── Supplied entries

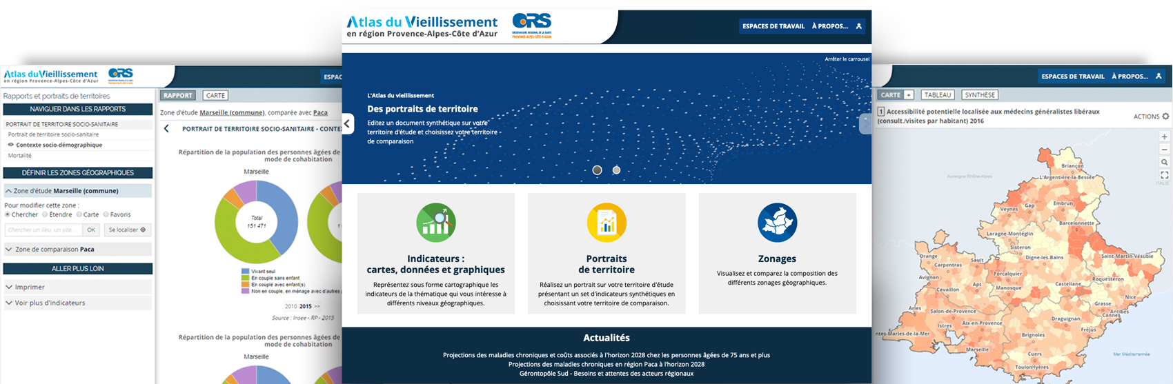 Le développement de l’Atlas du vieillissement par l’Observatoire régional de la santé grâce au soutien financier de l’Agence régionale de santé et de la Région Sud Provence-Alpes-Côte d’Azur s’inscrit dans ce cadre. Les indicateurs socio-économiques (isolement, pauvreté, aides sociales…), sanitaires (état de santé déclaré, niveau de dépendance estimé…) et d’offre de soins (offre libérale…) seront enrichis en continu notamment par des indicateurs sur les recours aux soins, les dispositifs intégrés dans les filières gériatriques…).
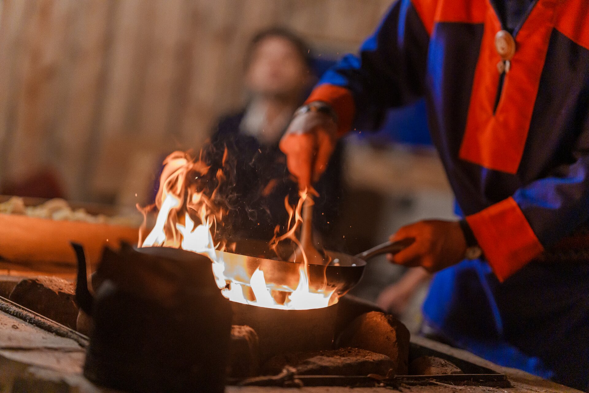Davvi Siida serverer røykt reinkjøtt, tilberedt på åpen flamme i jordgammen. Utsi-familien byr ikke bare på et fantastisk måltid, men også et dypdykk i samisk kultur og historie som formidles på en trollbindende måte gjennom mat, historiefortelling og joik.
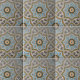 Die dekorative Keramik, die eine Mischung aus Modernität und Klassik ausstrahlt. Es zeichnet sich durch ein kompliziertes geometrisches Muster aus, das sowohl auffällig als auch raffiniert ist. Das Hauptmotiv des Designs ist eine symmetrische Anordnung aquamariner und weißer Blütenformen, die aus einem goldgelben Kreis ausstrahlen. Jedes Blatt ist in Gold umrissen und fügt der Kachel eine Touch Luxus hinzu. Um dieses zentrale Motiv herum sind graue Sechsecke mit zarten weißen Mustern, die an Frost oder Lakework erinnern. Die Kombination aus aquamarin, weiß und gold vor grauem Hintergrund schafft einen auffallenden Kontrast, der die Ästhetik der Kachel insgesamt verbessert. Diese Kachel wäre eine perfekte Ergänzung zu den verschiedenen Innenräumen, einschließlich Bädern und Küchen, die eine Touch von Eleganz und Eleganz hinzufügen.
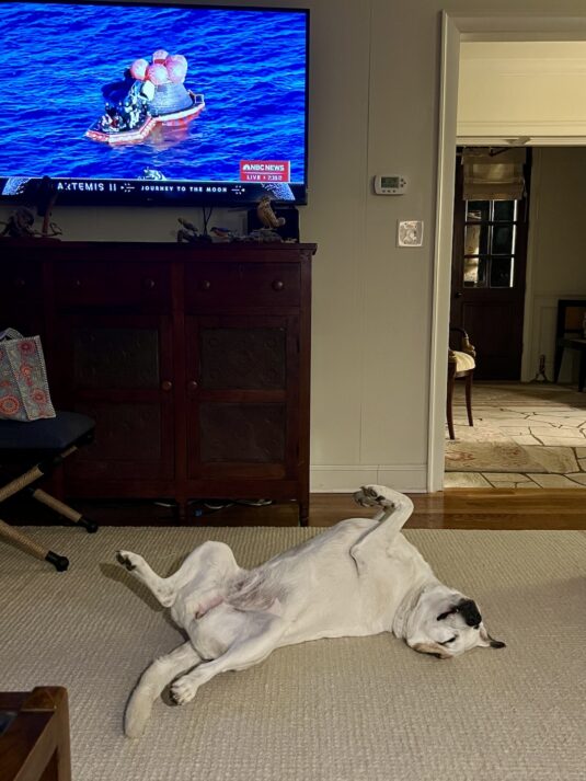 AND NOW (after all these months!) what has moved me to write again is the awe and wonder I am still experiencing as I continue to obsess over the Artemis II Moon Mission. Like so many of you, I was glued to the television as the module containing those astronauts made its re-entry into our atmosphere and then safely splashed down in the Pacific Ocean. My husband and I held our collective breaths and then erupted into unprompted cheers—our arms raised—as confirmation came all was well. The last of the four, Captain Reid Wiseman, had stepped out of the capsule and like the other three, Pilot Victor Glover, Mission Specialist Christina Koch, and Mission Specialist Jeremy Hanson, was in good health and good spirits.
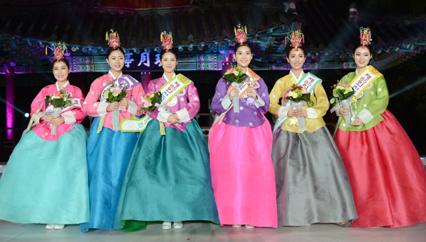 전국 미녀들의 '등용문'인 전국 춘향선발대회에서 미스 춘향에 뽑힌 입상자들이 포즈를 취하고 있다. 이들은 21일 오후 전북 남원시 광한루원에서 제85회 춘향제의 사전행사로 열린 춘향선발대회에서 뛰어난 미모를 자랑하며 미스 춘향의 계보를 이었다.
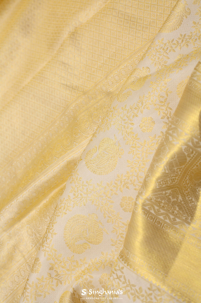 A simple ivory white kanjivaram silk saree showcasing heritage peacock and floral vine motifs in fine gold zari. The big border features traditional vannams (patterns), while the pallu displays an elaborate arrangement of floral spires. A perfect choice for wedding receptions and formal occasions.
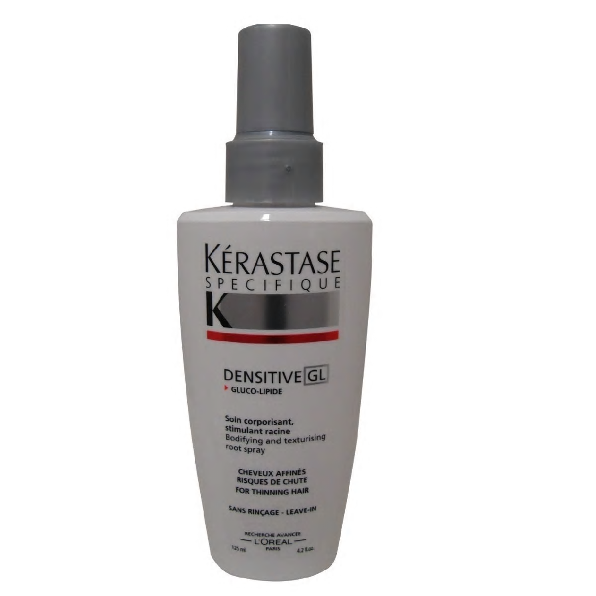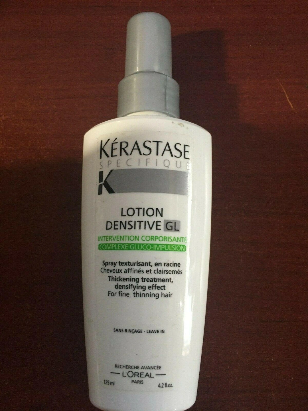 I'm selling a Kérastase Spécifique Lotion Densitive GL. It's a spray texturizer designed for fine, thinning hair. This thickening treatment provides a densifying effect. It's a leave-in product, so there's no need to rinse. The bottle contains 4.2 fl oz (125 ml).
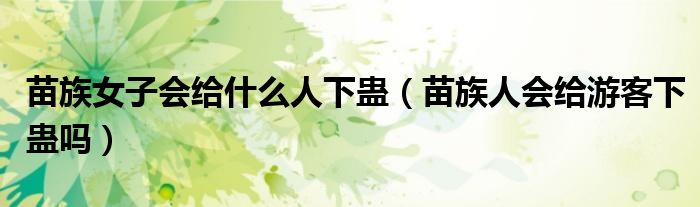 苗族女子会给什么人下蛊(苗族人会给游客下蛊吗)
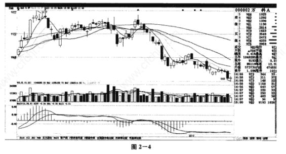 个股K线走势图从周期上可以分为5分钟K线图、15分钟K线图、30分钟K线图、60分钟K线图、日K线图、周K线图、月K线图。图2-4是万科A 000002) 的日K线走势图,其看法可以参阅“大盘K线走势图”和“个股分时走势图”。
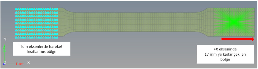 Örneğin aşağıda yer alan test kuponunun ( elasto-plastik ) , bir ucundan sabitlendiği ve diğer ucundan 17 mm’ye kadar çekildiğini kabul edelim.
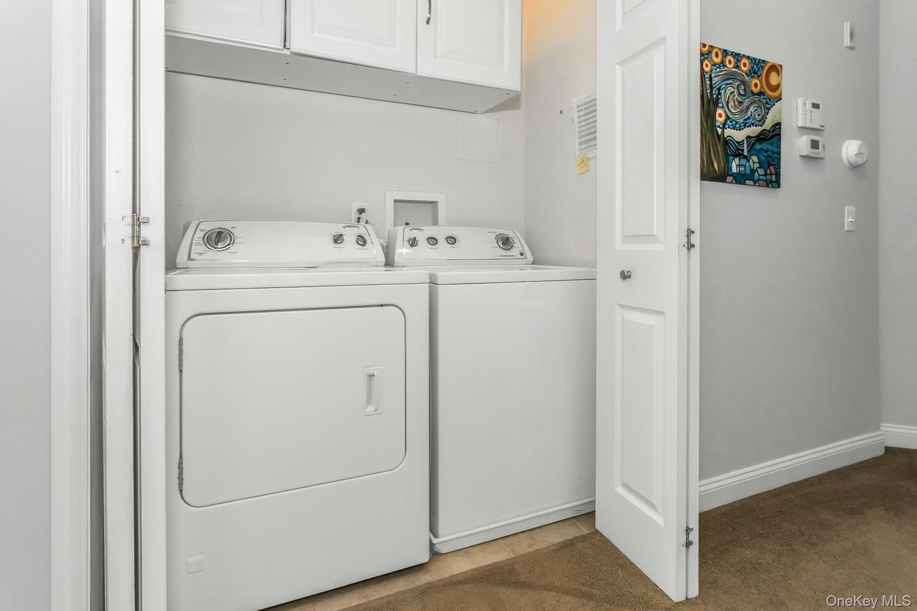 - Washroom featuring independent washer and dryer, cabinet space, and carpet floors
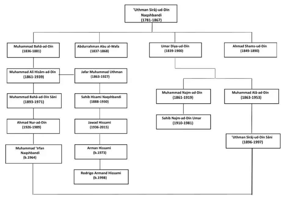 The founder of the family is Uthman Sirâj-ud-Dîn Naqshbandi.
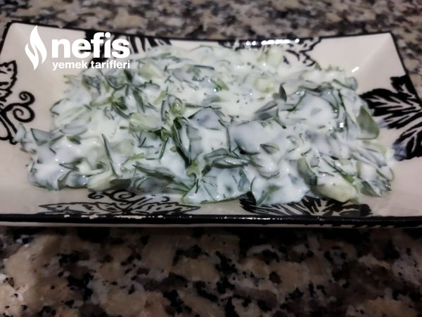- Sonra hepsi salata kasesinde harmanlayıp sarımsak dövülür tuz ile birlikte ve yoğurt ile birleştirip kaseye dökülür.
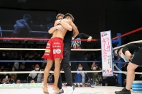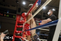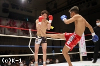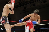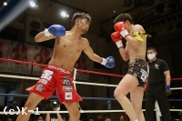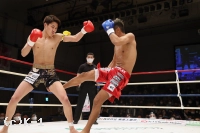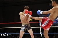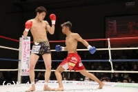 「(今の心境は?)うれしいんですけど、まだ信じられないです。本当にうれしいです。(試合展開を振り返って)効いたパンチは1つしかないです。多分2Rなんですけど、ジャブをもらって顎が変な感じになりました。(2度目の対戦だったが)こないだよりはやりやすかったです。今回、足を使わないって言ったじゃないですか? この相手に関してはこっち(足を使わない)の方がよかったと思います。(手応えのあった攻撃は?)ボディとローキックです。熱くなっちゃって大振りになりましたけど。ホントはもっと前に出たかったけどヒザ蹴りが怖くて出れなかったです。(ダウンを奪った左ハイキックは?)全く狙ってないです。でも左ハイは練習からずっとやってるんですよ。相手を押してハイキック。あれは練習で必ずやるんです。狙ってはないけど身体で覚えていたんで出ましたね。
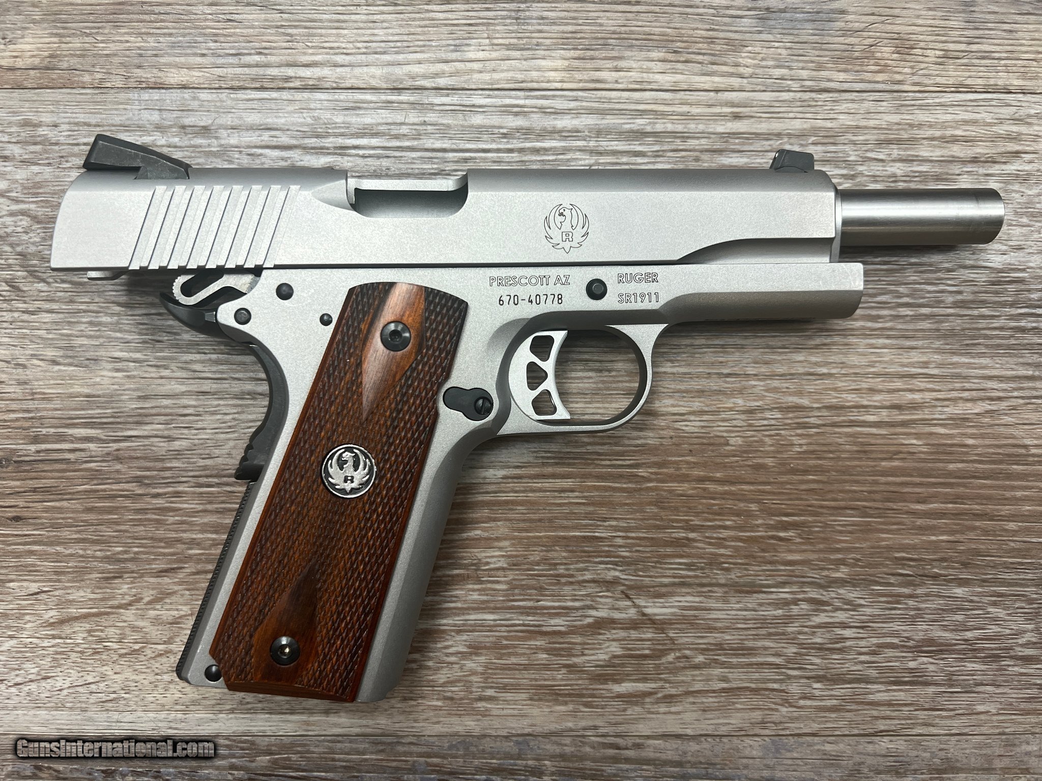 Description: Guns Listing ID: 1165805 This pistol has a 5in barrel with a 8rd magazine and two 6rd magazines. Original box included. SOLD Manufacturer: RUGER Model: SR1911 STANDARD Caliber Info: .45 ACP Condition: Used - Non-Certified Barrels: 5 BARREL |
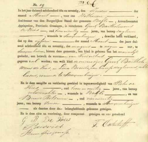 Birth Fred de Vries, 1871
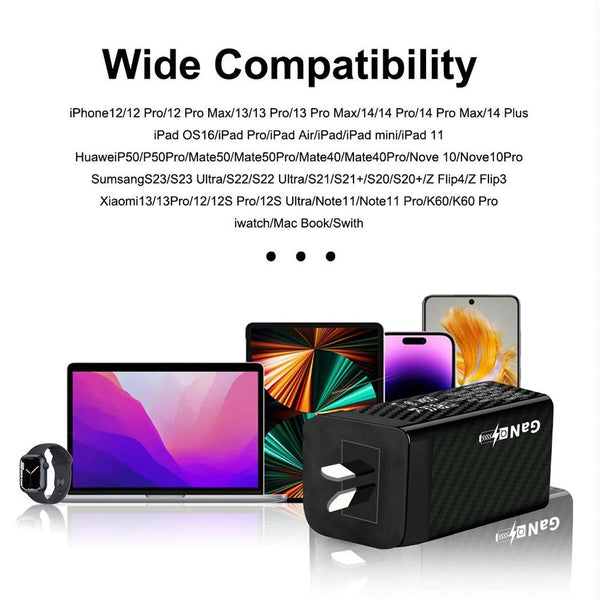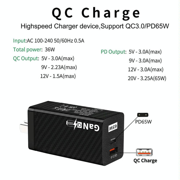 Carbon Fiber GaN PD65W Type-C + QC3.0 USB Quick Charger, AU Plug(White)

────

Keep the pictures out while you retype all of the data above exactly as it appears.

 Le développement de l’Atlas du vieillissement par l’Observatoire régional de la santé grâce au soutien financier de l’Agence régionale de santé et de la Région Sud Provence-Alpes-Côte d’Azur s’inscrit dans ce cadre. Les indicateurs socio-économiques (isolement, pauvreté, aides sociales…), sanitaires (état de santé déclaré, niveau de dépendance estimé…) et d’offre de soins (offre libérale…) seront enrichis en continu notamment par des indicateurs sur les recours aux soins, les dispositifs intégrés dans les filières gériatriques…).
Davvi Siida serverer røykt reinkjøtt, tilberedt på åpen flamme i jordgammen. Utsi-familien byr ikke bare på et fantastisk måltid, men også et dypdykk i samisk kultur og historie som formidles på en trollbindende måte gjennom mat, historiefortelling og joik.
 Die dekorative Keramik, die eine Mischung aus Modernität und Klassik ausstrahlt. Es zeichnet sich durch ein kompliziertes geometrisches Muster aus, das sowohl auffällig als auch raffiniert ist. Das Hauptmotiv des Designs ist eine symmetrische Anordnung aquamariner und weißer Blütenformen, die aus einem goldgelben Kreis ausstrahlen. Jedes Blatt ist in Gold umrissen und fügt der Kachel eine Touch Luxus hinzu. Um dieses zentrale Motiv herum sind graue Sechsecke mit zarten weißen Mustern, die an Frost oder Lakework erinnern. Die Kombination aus aquamarin, weiß und gold vor grauem Hintergrund schafft einen auffallenden Kontrast, der die Ästhetik der Kachel insgesamt verbessert. Diese Kachel wäre eine perfekte Ergänzung zu den verschiedenen Innenräumen, einschließlich Bädern und Küchen, die eine Touch von Eleganz und Eleganz hinzufügen.
 AND NOW (after all these months!) what has moved me to write again is the awe and wonder I am still experiencing as I continue to obsess over the Artemis II Moon Mission. Like so many of you, I was glued to the television as the module containing those astronauts made its re-entry into our atmosphere and then safely splashed down in the Pacific Ocean. My husband and I held our collective breaths and then erupted into unprompted cheers—our arms raised—as confirmation came all was well. The last of the four, Captain Reid Wiseman, had stepped out of the capsule and like the other three, Pilot Victor Glover, Mission Specialist Christina Koch, and Mission Specialist Jeremy Hanson, was in good health and good spirits.
 전국 미녀들의 '등용문'인 전국 춘향선발대회에서 미스 춘향에 뽑힌 입상자들이 포즈를 취하고 있다. 이들은 21일 오후 전북 남원시 광한루원에서 제85회 춘향제의 사전행사로 열린 춘향선발대회에서 뛰어난 미모를 자랑하며 미스 춘향의 계보를 이었다.
 A simple ivory white kanjivaram silk saree showcasing heritage peacock and floral vine motifs in fine gold zari. The big border features traditional vannams (patterns), while the pallu displays an elaborate arrangement of floral spires. A perfect choice for wedding receptions and formal occasions.
 I'm selling a Kérastase Spécifique Lotion Densitive GL. It's a spray texturizer designed for fine, thinning hair. This thickening treatment provides a densifying effect. It's a leave-in product, so there's no need to rinse. The bottle contains 4.2 fl oz (125 ml).
 苗族女子会给什么人下蛊(苗族人会给游客下蛊吗)
 个股K线走势图从周期上可以分为5分钟K线图、15分钟K线图、30分钟K线图、60分钟K线图、日K线图、周K线图、月K线图。图2-4是万科A 000002) 的日K线走势图,其看法可以参阅“大盘K线走势图”和“个股分时走势图”。
 Örneğin aşağıda yer alan test kuponunun ( elasto-plastik ) , bir ucundan sabitlendiği ve diğer ucundan 17 mm’ye kadar çekildiğini kabul edelim.
 - Washroom featuring independent washer and dryer, cabinet space, and carpet floors
 The founder of the family is Uthman Sirâj-ud-Dîn Naqshbandi.
- Sonra hepsi salata kasesinde harmanlayıp sarımsak dövülür tuz ile birlikte ve yoğurt ile birleştirip kaseye dökülür.
 「(今の心境は?)うれしいんですけど、まだ信じられないです。本当にうれしいです。(試合展開を振り返って)効いたパンチは1つしかないです。多分2Rなんですけど、ジャブをもらって顎が変な感じになりました。(2度目の対戦だったが)こないだよりはやりやすかったです。今回、足を使わないって言ったじゃないですか? この相手に関してはこっち(足を使わない)の方がよかったと思います。(手応えのあった攻撃は?)ボディとローキックです。熱くなっちゃって大振りになりましたけど。ホントはもっと前に出たかったけどヒザ蹴りが怖くて出れなかったです。(ダウンを奪った左ハイキックは?)全く狙ってないです。でも左ハイは練習からずっとやってるんですよ。相手を押してハイキック。あれは練習で必ずやるんです。狙ってはないけど身体で覚えていたんで出ましたね。
 Description: Guns Listing ID: 1165805 This pistol has a 5in barrel with a 8rd magazine and two 6rd magazines. Original box included. SOLD Manufacturer: RUGER Model: SR1911 STANDARD Caliber Info: .45 ACP Condition: Used - Non-Certified Barrels: 5 BARREL |
 Birth Fred de Vries, 1871
 Carbon Fiber GaN PD65W Type-C + QC3.0 USB Quick Charger, AU Plug(White)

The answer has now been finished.